Aim of the task =
Where the line with "stopping your steps." appears below, start writing out lines exactly, and finish with the line with "そのため内くるぶしがオレンジ", which is included; write out nothing else.

Task data =
────────────────

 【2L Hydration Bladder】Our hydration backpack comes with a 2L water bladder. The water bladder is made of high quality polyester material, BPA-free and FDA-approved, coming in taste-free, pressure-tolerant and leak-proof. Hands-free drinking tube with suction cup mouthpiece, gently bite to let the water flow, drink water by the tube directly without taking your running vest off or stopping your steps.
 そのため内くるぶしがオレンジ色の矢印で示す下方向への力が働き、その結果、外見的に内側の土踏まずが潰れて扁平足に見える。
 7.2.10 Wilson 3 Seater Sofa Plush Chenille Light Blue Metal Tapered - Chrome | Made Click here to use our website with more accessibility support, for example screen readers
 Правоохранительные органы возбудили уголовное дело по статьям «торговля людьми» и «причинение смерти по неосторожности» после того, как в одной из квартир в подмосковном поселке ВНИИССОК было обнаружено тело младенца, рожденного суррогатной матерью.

────────────────

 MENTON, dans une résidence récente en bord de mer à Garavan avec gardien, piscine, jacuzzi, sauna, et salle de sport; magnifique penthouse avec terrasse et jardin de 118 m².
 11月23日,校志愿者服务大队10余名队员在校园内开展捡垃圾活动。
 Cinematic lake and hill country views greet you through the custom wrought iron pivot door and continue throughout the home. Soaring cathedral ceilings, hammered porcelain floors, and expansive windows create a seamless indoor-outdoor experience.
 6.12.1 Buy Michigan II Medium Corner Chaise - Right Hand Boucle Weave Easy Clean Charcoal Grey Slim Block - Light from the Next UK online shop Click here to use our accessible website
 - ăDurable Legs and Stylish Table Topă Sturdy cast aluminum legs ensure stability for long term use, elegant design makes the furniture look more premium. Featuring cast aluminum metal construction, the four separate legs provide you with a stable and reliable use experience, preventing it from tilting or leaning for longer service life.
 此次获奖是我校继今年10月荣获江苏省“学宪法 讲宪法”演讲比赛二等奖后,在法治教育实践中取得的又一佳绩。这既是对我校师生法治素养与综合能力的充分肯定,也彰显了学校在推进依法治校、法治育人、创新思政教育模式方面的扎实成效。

────────────────

Task answer =
 【2L Hydration Bladder】Our hydration backpack comes with a 2L water bladder. The water bladder is made of high quality polyester material, BPA-free and FDA-approved, coming in taste-free, pressure-tolerant and leak-proof. Hands-free drinking tube with suction cup mouthpiece, gently bite to let the water flow, drink water by the tube directly without taking your running vest off or stopping your steps.
 そのため内くるぶしがオレンジ色の矢印で示す下方向への力が働き、その結果、外見的に内側の土踏まずが潰れて扁平足に見える。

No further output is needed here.